セカンドフラッシュ

セカンドフラッシュ

夏摘みの紅茶をセカンドフラッシュ:Second flush と呼びます。
3月から4月にかけてのファーストフラッシュ に続く5月から6月くらいにかけてのお茶です。日本で言えば二番茶にあたります。
日本茶の場合はタンニンの渋みよりテアニンの旨味を重視しますから新茶が喜ばれる傾向が強いのですが、紅茶を代表とする発酵茶の世界ではテアニンよりもタンニン・カテキン の渋みと萎調工程で出来てくる香りを楽しみますからセカンドフラッシュのほうが好まれる傾向にあります。

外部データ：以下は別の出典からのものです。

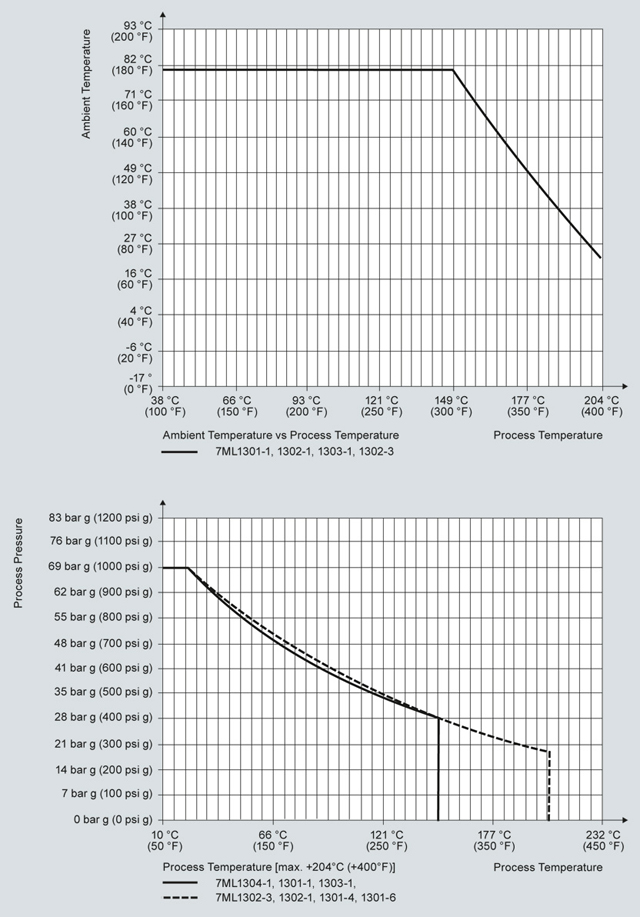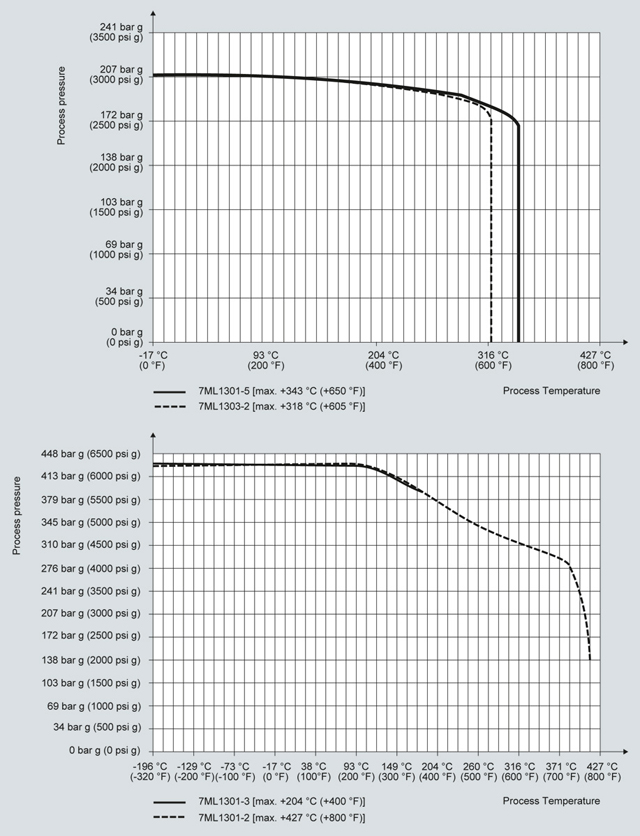 SITRANS LG200 Кривые снижения рабочих параметров давления/температура
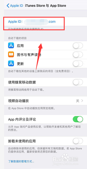 进入账户,点击iTunes store与appstore,如下图所示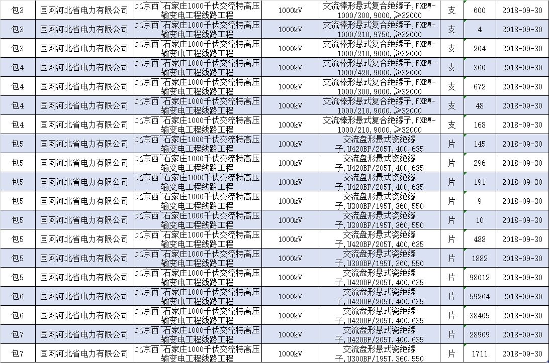 國家電網(wǎng)有限公司2018年北京西~石家莊1000千伏交流特高壓工程導(dǎo)線集中招標(biāo)活動公布,其中涉及光纜、線路金具、絕緣子、導(dǎo)線四類物資,具體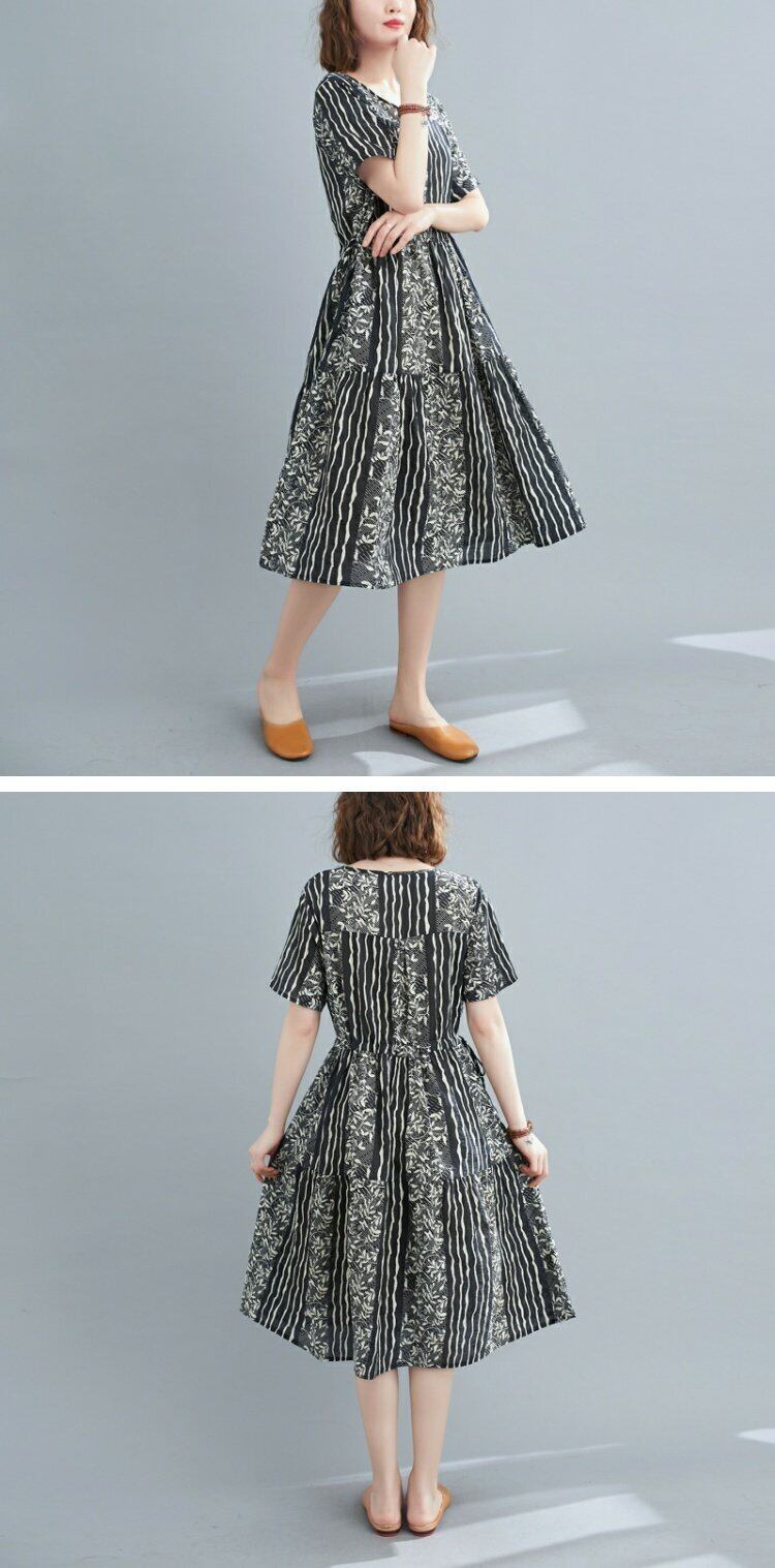 太ったお姉さんは細く、ウエストはプリント、ラウンドネック、半袖、ラージサイズ、お腹を覆う隠し肉、夏のビッグスイング、ヒップドレストレンド 大きめサイズ サマー 夏物 Oネック TB2-36 TB2-3691583273632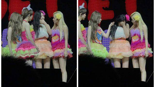 广告Red Velvet的成员突然停止表演,原本说是Joy的耳机出问题,后来Joy从后台走到台上,右手裹着绷带,哭着向现场的粉丝道歉,说她虽然很想继续表演,但是她得去医院。
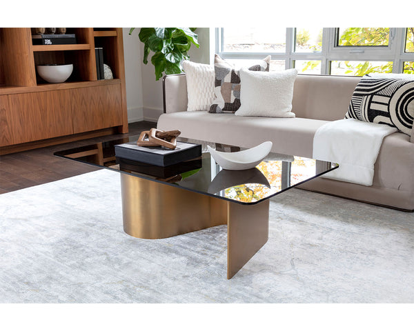 Bold and elegant, the Whisper Coffee Table is a staple for any living room area. The gorgeous brown tones of the tea tempered glass tabletop provide a gorgeous contrast to the gold S-shaped stainless steel base.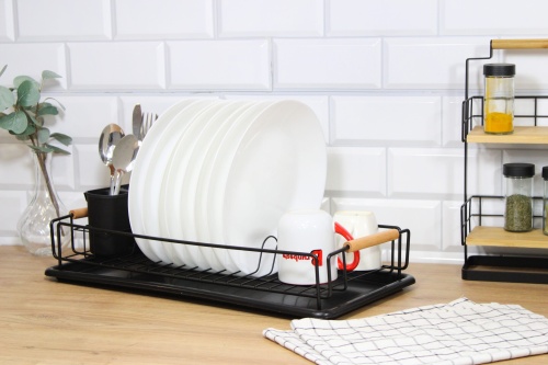 Thanks to its compatible design, it allows you to organise your space conveniently. You can dry plates, cups or lids on it, saving space in your kitchen. The drying rack fits into both traditional and modern room design.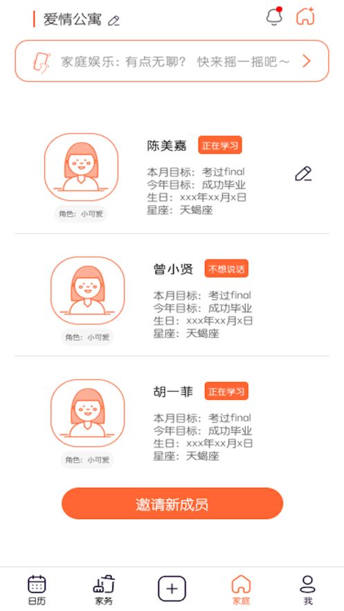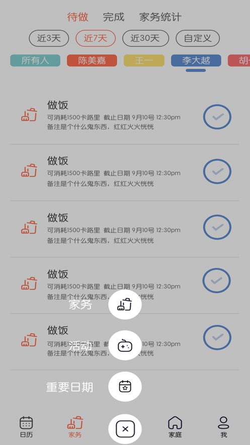 1.家务管理功能可以可视化每个家庭成员的劳动。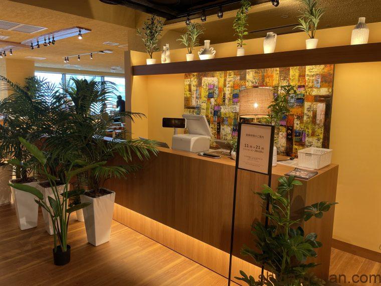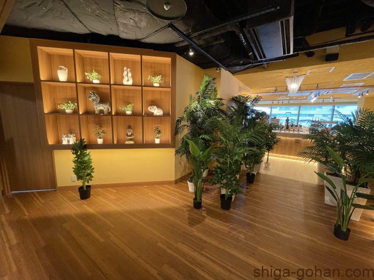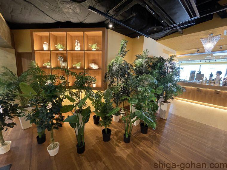 入口に入ると観葉植物が並べられた通路とお店の雰囲気に合わせたインテリアが置かれていました。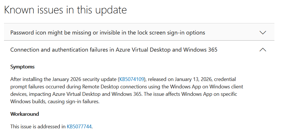 January 2026 security patches (notably KB5074109) are currently breaking logins in the Windows App and Remote Desktop authentication:
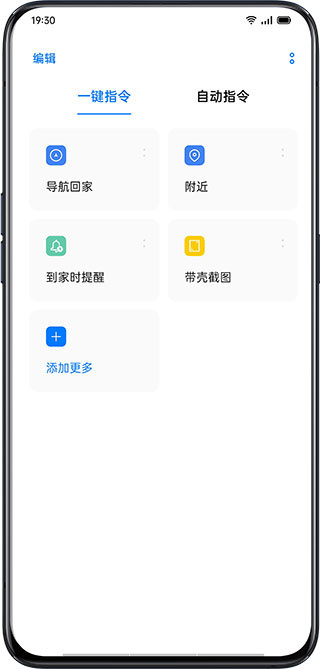打开「Breeno指令」,你可以设置「导航回家」、「附近」、「到家时提醒」、「带壳截图」等一键指令。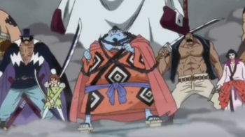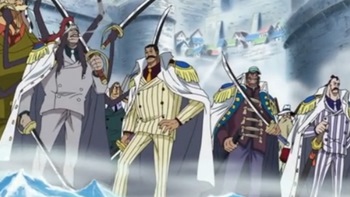 458 | 海軍本部直前回想特別編 集結! 三大将 | <補足> ・エースの処刑3時間前(正午)、海軍本部で待機する王下七武海、三大将に招集がかかる。 ※王下七武海と大将が登場したエピソードの編集 | 549話 |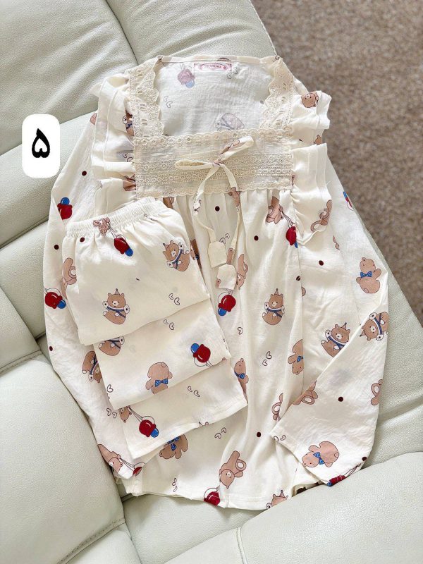 - : ست دو تیکه بلوز آستین بلند و شلوار جنس نخ موسلین فری سایز مناسب ۳۶ تا ۴۶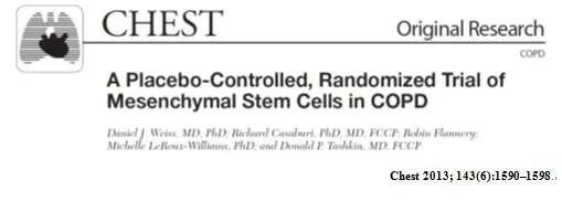 2013年,《Chest》雜志上發(fā)表了間充質(zhì)干細(xì)胞治療中、重度慢阻肺的安全性和有效性的臨床研究報(bào)告。在此項(xiàng)研究中共收治了62名慢阻肺患者,并隨機(jī)分為試驗(yàn)組和對(duì)照組,試驗(yàn)組患者通過(guò)靜脈輸注的方式進(jìn)行間充質(zhì)干細(xì)胞治療,每月1次,共4次。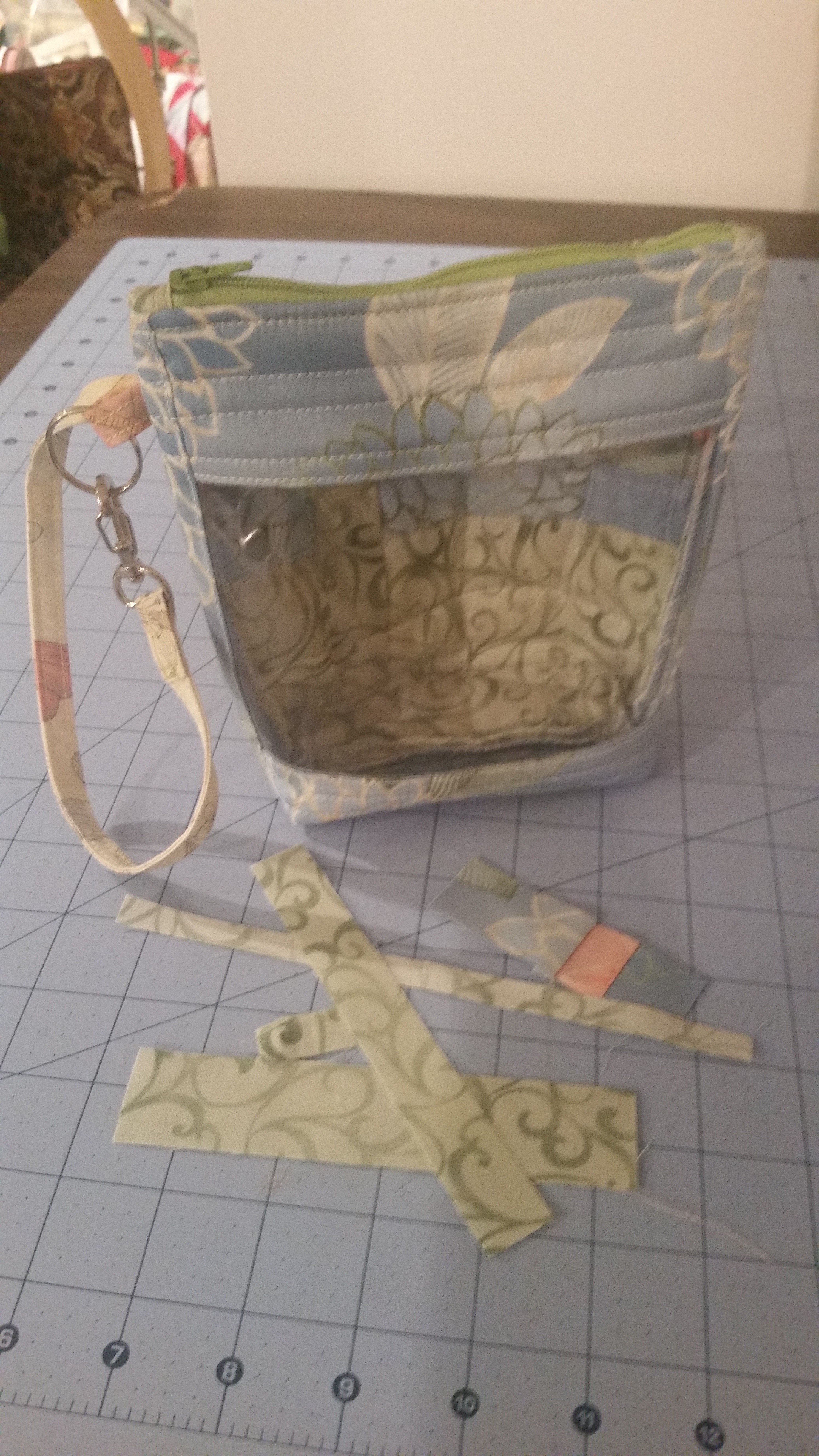 The picture above is a small zippered pouch that I made with the left over pieces of fabric. I started with a collection of six fat quarters from Keepsake Quilting. I recently read a magazine article that after you make a quilt or project, make it your goal to use up all the left overs so that you feel comfortable throwing away the scraps. Those few pieces of fabric in front of the pouch is all the fabric that was left over. If you look closely at the pouch you can tell I had to piece the back section because I didn’t have a large enough piece. So, use it up! Although I must confess, I really didn’t throw away those scraps, I put them in a bin with like size pieces to use in making rope bowls – but that’s a future project.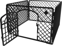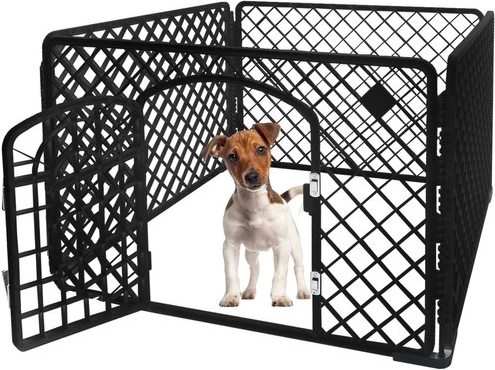 Практичен и универсален заграден кът за кучета, кученца и дребни животни, който осигурява на вашия любимец безопасно пространство у дома и в градината. Благодарение на здравата пластмасова конструкция от PP и металните съединения заграждението е стабилно, издръжливо и лесно за монтаж. Вратичката с сигурно заключване предотвратява неволно излизане, а заоблените елементи повишават безопасността при употреба. Идеално за тренировки, отдих и защита на домашното обзавеждане.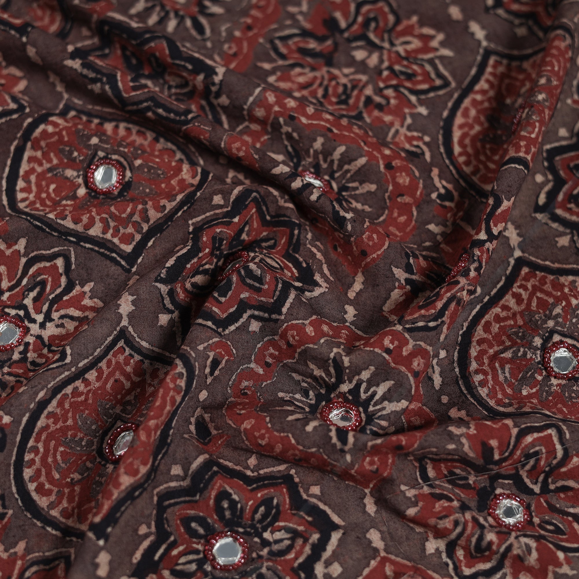 This exquisite hand-embroidered ajrakh cotton blouse piece combines traditional craftsmanship with modern elegance, making it perfect for creating unique and stylish blouses that add a touch of sophistication to any outfit. The intricate Ajrakh patterns, meticulously hand-embroidered on high-quality cotton, ensure both comfort and style, making this blouse piece a versatile addition to your wardrobe for any occasion.

特にダージリンの マスカテルムスク と呼ばれる紅茶には、マスカテルフレーバー と呼ばれる上品で豊かな独特の香りと深いコクがあり、紅茶の最高峰の品格を持ちます。
そのマスカテルの香りは日本茶では害虫とされる ウンカ が葉を嚙むことにより、特別な酵素が作用して生まれると言われています。
よく、「ダージリンもセカンドフラッシュになるとミルクティーにも負けない紅茶になる。」と書かれているのですが、それは既に過去の話になってしまいました。
世界的な緑茶ブームは紅茶の世界にも及び、ダージリンの紅茶はどんどんグリニッシュに、緑茶に近く製茶されるようになり、フルボディーと呼ばれるようなどっしりとしたセカンドフラッシュは作られなくなってしまいました。
もちろん、マスカテルの中でも日本にはまず輸入されないようなどっしりとした最高級のマスカテルであれば、十分ミルクティーに耐えられる紅茶となります。
ただ、緑茶の文化の強い日本においては、そんな昔のマスカテルよりも、ライトな傾向の現在のセカンドフラッシュのほうが美味しいと感じられるのではないでしょうか。
「ダージリンもセカンドフラッシュになるとミルクティーにも負けない紅茶になる。」というのは過去の話、と理解し、現在の美味しいセカンドフラッシュを楽しみましょう。